▶ Work instruction: Copy each line below exactly as it appears. Pictures are to be omitted.

▶ Information provided:
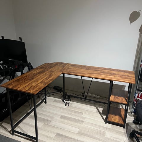 Myynnissä Ikea Bekant -kulmapöytä. Pöytä on kooltaan 160 cm x 60-110 cm. Pöytä on maalattu noin 5 vuotta sitten mustaksi, mutta on alunperin ollut harmaan värinen. Käytössä ei ollut mitään ongelmaa, mutta joutuu nyt väistämään sähköpöydän tieltä.
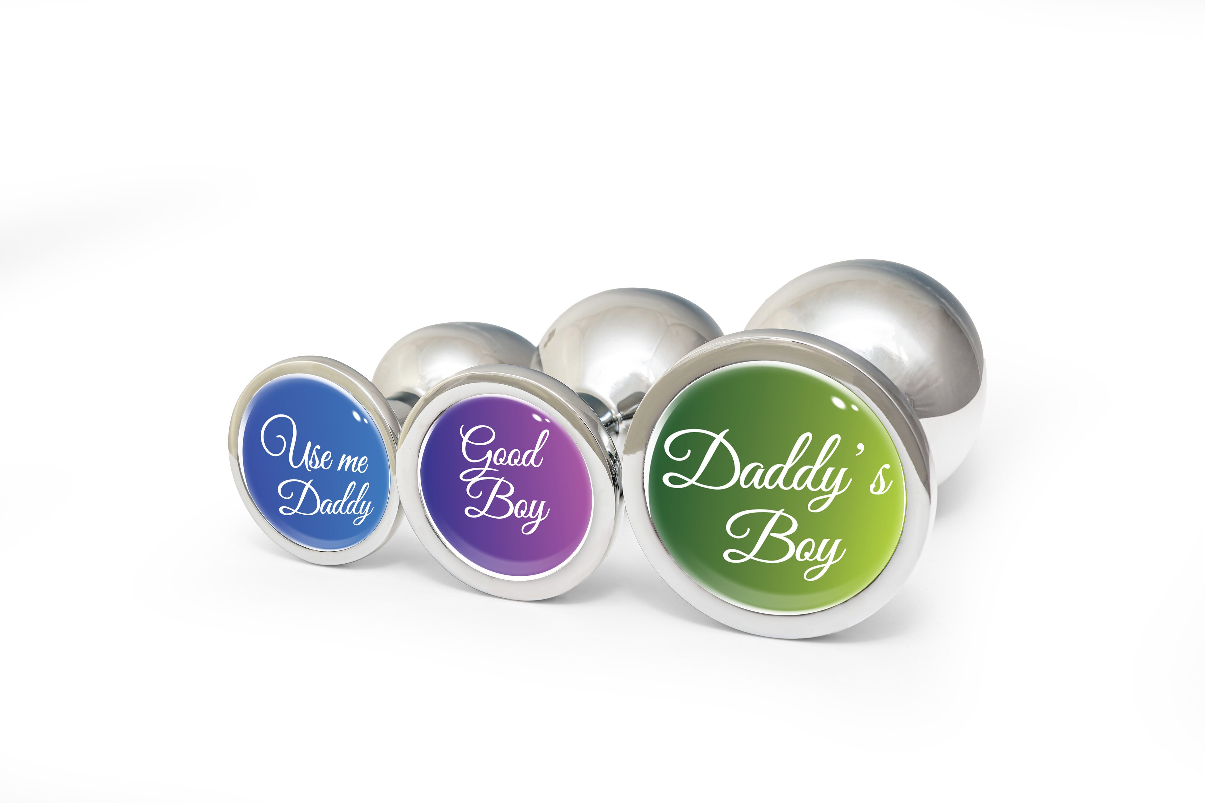 Анальна пробка металева срібляста з написом Use me Daddy OKOVA розмір S
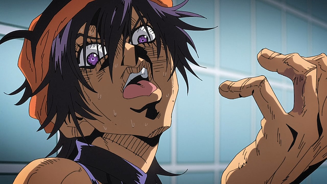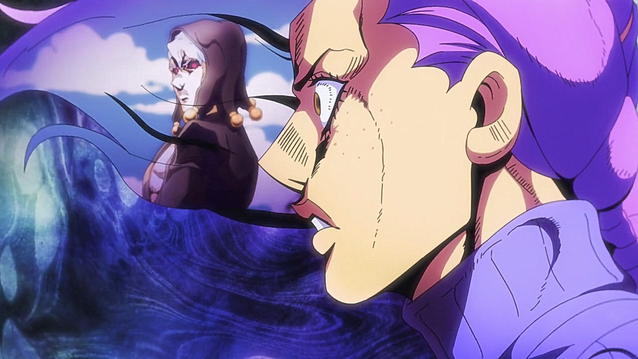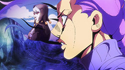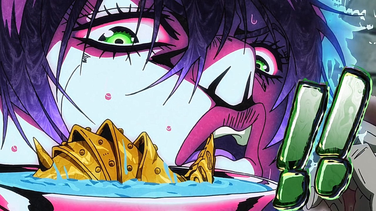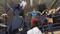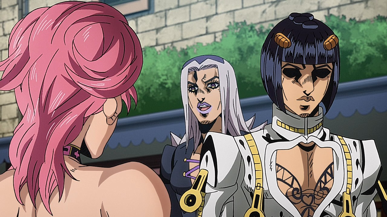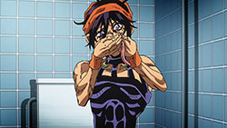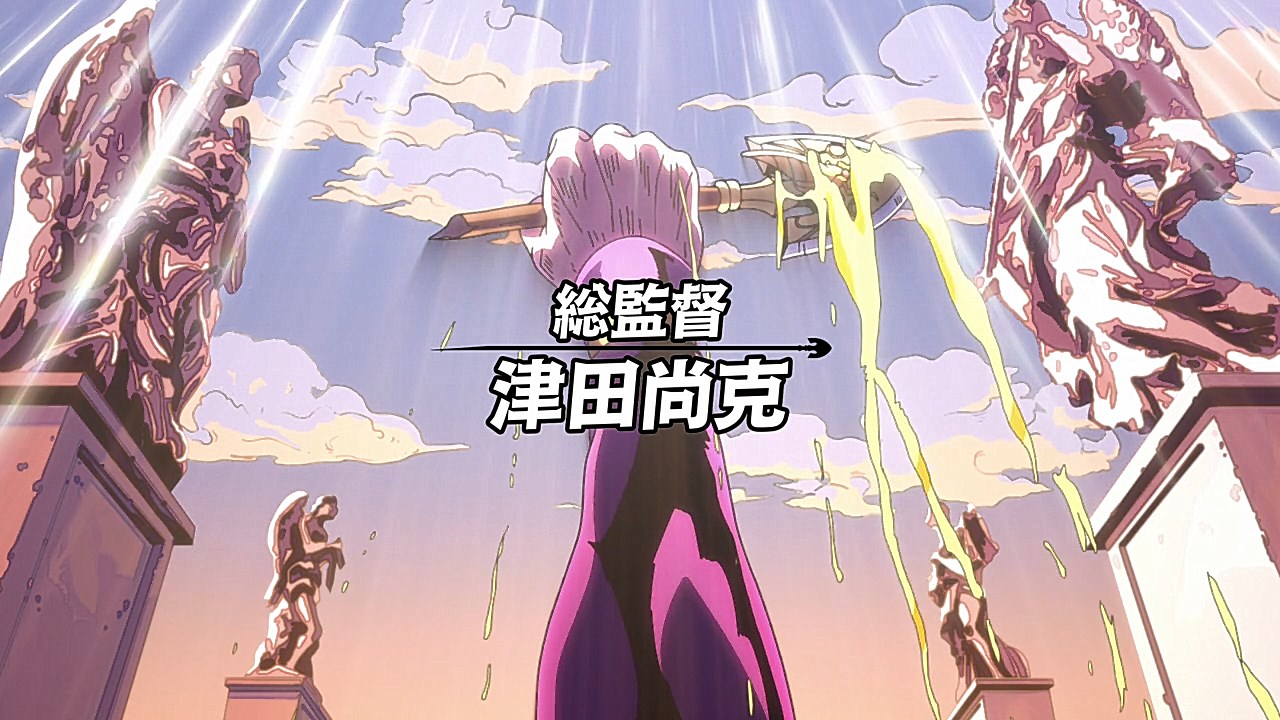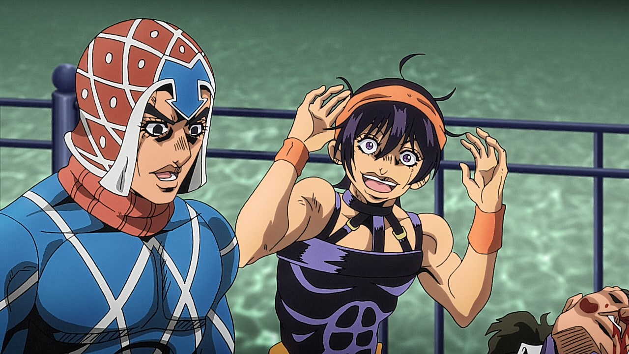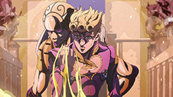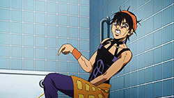 To get the most obvious out of the way first, this episode marks the grand debut of the new opening and ending themes. With the OP, they bring back Hasegawa Daisuke, the performer of Part IV’s “Great Days”, to perform the Part V-centric “Traitor’s Requiem”. At the moment, it doesn’t have the catchiness or bombast of Coda’s “Fighting Gold”, but makes up for it in the polished visuals of the OP. They did give away quite a few spoilery details, more than “Fighting Gold”, but as a manga reader, it was exciting to see what was being foreshadowed. The ending is much more interesting as they switched in another song from a Western artist. This time around it’s Enigma. Remember that Stand user from Part IV that creepily trapped Josuke’s mom in his Stand book only for Fungami Yuya to gladly turn himself into a piece of paper to turn the tables and trap him in his own book? This is where his Stand name comes from. But rather than choosing their bigger smash hits like “Return to Innocence” or “Sadeness”, they went with a deeper cut from 2000 called “Modern Crusaders”. Understandably, the title alone fits in by positioning Passione as the newer equivalent of the Stardust Crusaders from Part III. What I personally enjoyed about the two sequences, however, is how much they call back to prior fights. Whereas the OP skims the highlights of the first half’s fights, the ED has a stone pillar with a collection of Stands that are featured in Part V starting with Black Sabbath and ending with Gold Experience. It was nice to see them looking back at past fights, especially with so many of them in the rear view as Passione starts to take on the Boss’ own personnel. Despite the “quality” that permeated the deteriorating art of this episode, the content makes up greatly for these shortcomings. This sections fight is particularly fun because of how much chemistry that Tiziano and Squalo have with one another through both their personalities and abilities. So far, dual opponents have tended to be disjointed with how Pesci had to maneuver around Grateful Dead to try to lure out Passione without getting caught and how Prosciutto had to deal with Pesci’s erratic behavior in order to better utilize his Stand on the train. The big brother/mammoni relationship of Prosciutto and Pesci made it all the harder for them to work together without the former getting angry or the latter trying to lean on his aniki. With Tiziano and Squalo, however, their relationship is more symbiotic, starting with how comfortable they are with feeling up on each other as they formulate a plan to take on Passione. On top of their overall confidence in their relationship together, their confidence helps the two know exactly how their Stand abilities can complement each other. As a result, Squalo’s “Clash” synergizes comfortably and effectively with Tiziano’s “Talking Head” to trap Narancia into dooming his squad. As proof of their deep bond, Tiziano’s main strategy in the fight is to use Talking Head to manipulate Narancia into misleading Passione into a watery death trap where Clash can freely move about to strike as many of his targets as necessary. It’s one of those fascinating battles in JoJo where, because their current opponents have remote Stand abilities, our protagonists have to rely on their wits rather than their strength to win the battle. In Narancia’s Talking Head-induced trance, he has to find a way to communicate with his friends without leading any one of them to a shark-infested demise. And because Narancia isn’t the sharpest tool in the shed, his only means of making sure he can try to effectively stop his friends from heeding his misleading advice is through over-the-top physical actions such as peeing in front of everyone and cauterizing a wound with a burning handrail. It’s hard not to get excited about the battle when it encapsulates how much thorough planning and quick-wittedness goes into constructing such fights. Where only time would be able to tell how the dimmest member of Passione could find a way to out-maneuver two Stand users with such a strong connection that their abilities work in unison to create a highly-lethal combination. Where the plot goes with Trish as they plan to unearth the Boss’ identity at his hometown of Sardina will be neat to see unfold, but first, we’ll have to see what will happen now that Giorno is being attacked by Clash.ED3 Sequence

▶ Solution to this problem:
 Myynnissä Ikea Bekant -kulmapöytä. Pöytä on kooltaan 160 cm x 60-110 cm. Pöytä on maalattu noin 5 vuotta sitten mustaksi, mutta on alunperin ollut harmaan värinen. Käytössä ei ollut mitään ongelmaa, mutta joutuu nyt väistämään sähköpöydän tieltä.
 Анальна пробка металева срібляста з написом Use me Daddy OKOVA розмір S
 To get the most obvious out of the way first, this episode marks the grand debut of the new opening and ending themes. With the OP, they bring back Hasegawa Daisuke, the performer of Part IV’s “Great Days”, to perform the Part V-centric “Traitor’s Requiem”. At the moment, it doesn’t have the catchiness or bombast of Coda’s “Fighting Gold”, but makes up for it in the polished visuals of the OP. They did give away quite a few spoilery details, more than “Fighting Gold”, but as a manga reader, it was exciting to see what was being foreshadowed. The ending is much more interesting as they switched in another song from a Western artist. This time around it’s Enigma. Remember that Stand user from Part IV that creepily trapped Josuke’s mom in his Stand book only for Fungami Yuya to gladly turn himself into a piece of paper to turn the tables and trap him in his own book? This is where his Stand name comes from. But rather than choosing their bigger smash hits like “Return to Innocence” or “Sadeness”, they went with a deeper cut from 2000 called “Modern Crusaders”. Understandably, the title alone fits in by positioning Passione as the newer equivalent of the Stardust Crusaders from Part III. What I personally enjoyed about the two sequences, however, is how much they call back to prior fights. Whereas the OP skims the highlights of the first half’s fights, the ED has a stone pillar with a collection of Stands that are featured in Part V starting with Black Sabbath and ending with Gold Experience. It was nice to see them looking back at past fights, especially with so many of them in the rear view as Passione starts to take on the Boss’ own personnel. Despite the “quality” that permeated the deteriorating art of this episode, the content makes up greatly for these shortcomings. This sections fight is particularly fun because of how much chemistry that Tiziano and Squalo have with one another through both their personalities and abilities. So far, dual opponents have tended to be disjointed with how Pesci had to maneuver around Grateful Dead to try to lure out Passione without getting caught and how Prosciutto had to deal with Pesci’s erratic behavior in order to better utilize his Stand on the train. The big brother/mammoni relationship of Prosciutto and Pesci made it all the harder for them to work together without the former getting angry or the latter trying to lean on his aniki. With Tiziano and Squalo, however, their relationship is more symbiotic, starting with how comfortable they are with feeling up on each other as they formulate a plan to take on Passione. On top of their overall confidence in their relationship together, their confidence helps the two know exactly how their Stand abilities can complement each other. As a result, Squalo’s “Clash” synergizes comfortably and effectively with Tiziano’s “Talking Head” to trap Narancia into dooming his squad. As proof of their deep bond, Tiziano’s main strategy in the fight is to use Talking Head to manipulate Narancia into misleading Passione into a watery death trap where Clash can freely move about to strike as many of his targets as necessary. It’s one of those fascinating battles in JoJo where, because their current opponents have remote Stand abilities, our protagonists have to rely on their wits rather than their strength to win the battle. In Narancia’s Talking Head-induced trance, he has to find a way to communicate with his friends without leading any one of them to a shark-infested demise. And because Narancia isn’t the sharpest tool in the shed, his only means of making sure he can try to effectively stop his friends from heeding his misleading advice is through over-the-top physical actions such as peeing in front of everyone and cauterizing a wound with a burning handrail. It’s hard not to get excited about the battle when it encapsulates how much thorough planning and quick-wittedness goes into constructing such fights. Where only time would be able to tell how the dimmest member of Passione could find a way to out-maneuver two Stand users with such a strong connection that their abilities work in unison to create a highly-lethal combination. Where the plot goes with Trish as they plan to unearth the Boss’ identity at his hometown of Sardina will be neat to see unfold, but first, we’ll have to see what will happen now that Giorno is being attacked by Clash.ED3 Sequence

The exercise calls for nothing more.